Interessante Idee, schwache Umsetzung

Heimatsterben -

Heimatsterben
von Sarah Höflich

Bewertet mit 3 Sternen

"Heimatsterben" von Sarah Höflich verbindet das politische Schreckensszenario eines Rechtsrucks in der Regierung mit einer komplexen Familiengeschichte. Hanna Ahrens, freie Journalistin in New York, kehrt aufgrund des Todes ihrer Großmutter nach Deutschland zurück. Dort ist ihr Schwager Felix von Altdorff Kopf einer sehr erfolgreichen rechten Partei - und ausgerechnet Hanna lässt sich überreden, ihn zu unterstützen.
Eine spannende, aktuelle Grundidee also - aber das Buch bleibt deutlich hinter den Erwartungen zurück. 

Zunächst enttäuscht mich die Figurenzeichnung. Hanna überzeugt mich nicht: Sie soll eine gebildete Frau mit einer politischen Einstellung eher links von der Mitte sein, geht ihrem Schwager aber sofort auf den Leim, als sie seine deutlich nationalistischen Briefe an ihre verstorbene Großmutter liest. Auch das Wahlprogramm der BürgerUnion erscheint ihr "nicht schwachsinnig" - warum, das bleibt mir völlig unklar. Zu allem Überfluss lässt sie sich nach kurzer Überlegung auf die Landesliste der Partei setzen, als ob dies die einzige Möglichkeit wäre, ihrem Schwager zu helfen. Bei Felix muss seine persönliche Schuld gegenüber einer anderen Familie als Konstrukt als Erklärung dafür herhalten, dass er ihre noch nationalistischere Haltung akzeptiert. Dazu kommt die merkwürdige Idee, er müsse "Angebote machen" und dafür mit sehr rechts eingestellten Personen zusammenarbeiten. 

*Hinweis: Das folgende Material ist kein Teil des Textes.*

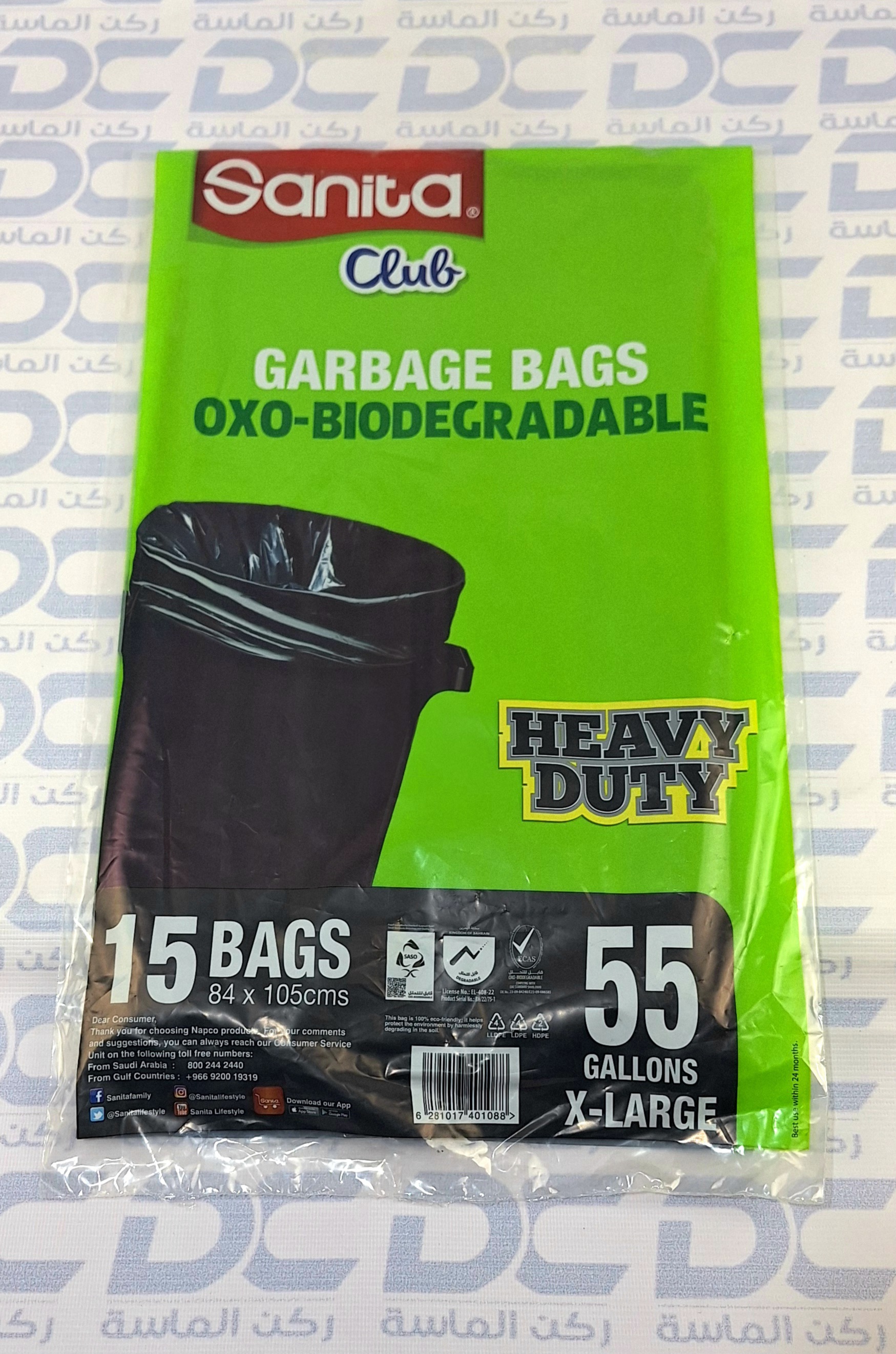 أكياس نفاية سانيتا كلوب 15 كيس 55 جالون كبير جدا قابلة للتحلل عالية المتانة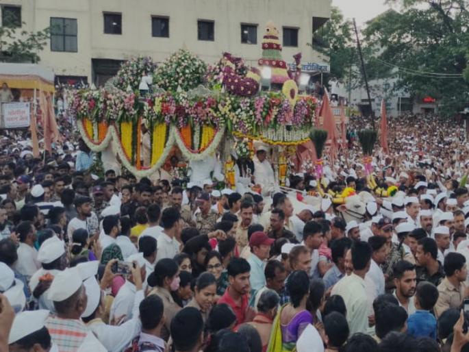 आळंदी : श्री. संतश्रेष्ठ ज्ञानेश्वर माउलींच्या १९३ व्या आषाढी पायीवारी पालखी सोहळ्याने सोमवारी (दि.१२) सकाळी सहाला लाखो वैष्णवांसह अजोळघरातून पंढरीचा मार्ग धरला. प्रस्थानपूर्वी मध्यरात्री माउलींच्या आजोळी पादुकांना रुद्र्भिषेक करून पंचामृत पूजा, पंच्चपक्व्वान्न नैवद्य, आरती, पसायदान घेण्यात आले. संपदा सोहळा नावडे मनाला लागला टकळा पंढरीचा !!१!! जावे पंढरीशी आवड मनाशी ! कधी एकादशी आषाढीई !!२!! तुका म्हणे एशे आर्त ज्यांचे मनी ! त्यांचे चक्री पाणी वाट पाहे !!३!! अशाच पद्धतीची भावना अलंकापुरीत दाखल झालेल्या सर्व वारकऱ्यांमध्ये दिसून येत होती. रविवारी रात्री उशिरा अजोळघरात विसावलेल्या या सोहळ्यात माउलींच्या पादुकांचे लाखो वारकऱ्यांनी सहज व सुलभ दर्शन घेतले. तत्पर्वी रविवारी (दि.११) पावणे सातच्या सुमारास पालखीने मंदिरातून प्रस्थान ठेवले. मानकरी व ग्रामस्थांच्या खांद्यावरील मंदिर प्रदक्षिणा व प्रथेप्रमाणे चक्रांकित महाराजांच्या पूजेनंतर सोहळा पहिल्या मुक्कामी नवीन दर्शनबारी मंडपात (आजोळी) विसावला. प्रस्थान सोहळ्यादरम्यान बंद केलेली दर्शनरांग प्रस्थानानंतर मोठ्या गतीने दर्शन मंडपात दर्शनासाठी आत घेण्यात आली. माउलींच्या दर्शनसाठी दिवसभर लांबच - लांब रांगा लागलेल्या असतानाही रात्री प्रस्थान सोहळ्यानंतर दर्शनासाठी भाविकांच्या रांगा वाढत होत्या. धन्य आज संत दर्शनाचा ! अनंत जन्मीचा शिण गेला !! मज वाटे त्यांशी अलीगन द्यावे ! कदा न सोडावे चरण त्यांचे !! या अभंगाप्रमाणे प्रत्येक वारकरी माऊलींचे दर्शन घेण्यासाठी कासावीस होऊन त्यांच्या चरणावर माथा ठेकून स्वता:ला धन्य करून घेत होता. संपूर्ण अलंकापुरी चैतन्यमय, धार्मिक वातावरणात दंग झाली होती. सोमवारी पहाटे साडेपाच वाजता परंपरेनुसार शितोळे सरकारांचा माउलींच्या पालखीला नैवद्य दाखविण्यात आला. सहाच्या दरम्यान शितोळे सरकारांचे अश्व अजोळघरी आणून त्यांना मानपान देण्यात आले. त्यानंतर माउलींची पालखी आळंदी ग्रामस्थ व मानकऱ्याच्या खांद्यावर घेऊन नगरपालिकेसमोर सजविलेल्या रथात विराजमान करण्यात आली.

Außerdem wird die politische Entwicklung immer nur kurz angerissen. In wenigen Sätzen wird eine Entwicklung oder eine Einstellung der Bevölkerung zusammengefasst, der Hintergrund bleibt unklar. Erklärungen und Zusammenhänge spart sich die Autorin auch dadurch, dass sie mehrmals in ihrem Buch Zeitsprünge einbaut - bequem, aber nicht überzeugend. Die Familiengeschichte ist interessant, auch wenn sie ein bisschen den Eindruck erweckt, die Welt - oder zumindest Deutschland - sei ein Dorf. Teilweise ist sie auch arg melodramatisch geraten; es gibt keinen Sturm, der keine Bedeutung hätte.

Insgesamt hätte ich mir von diesem Buch deutlich mehr versprochen, als Roman über Politik ist es mir zu oberflächlich und als Familiengeschichte zu klischeehaft und melodramatisch.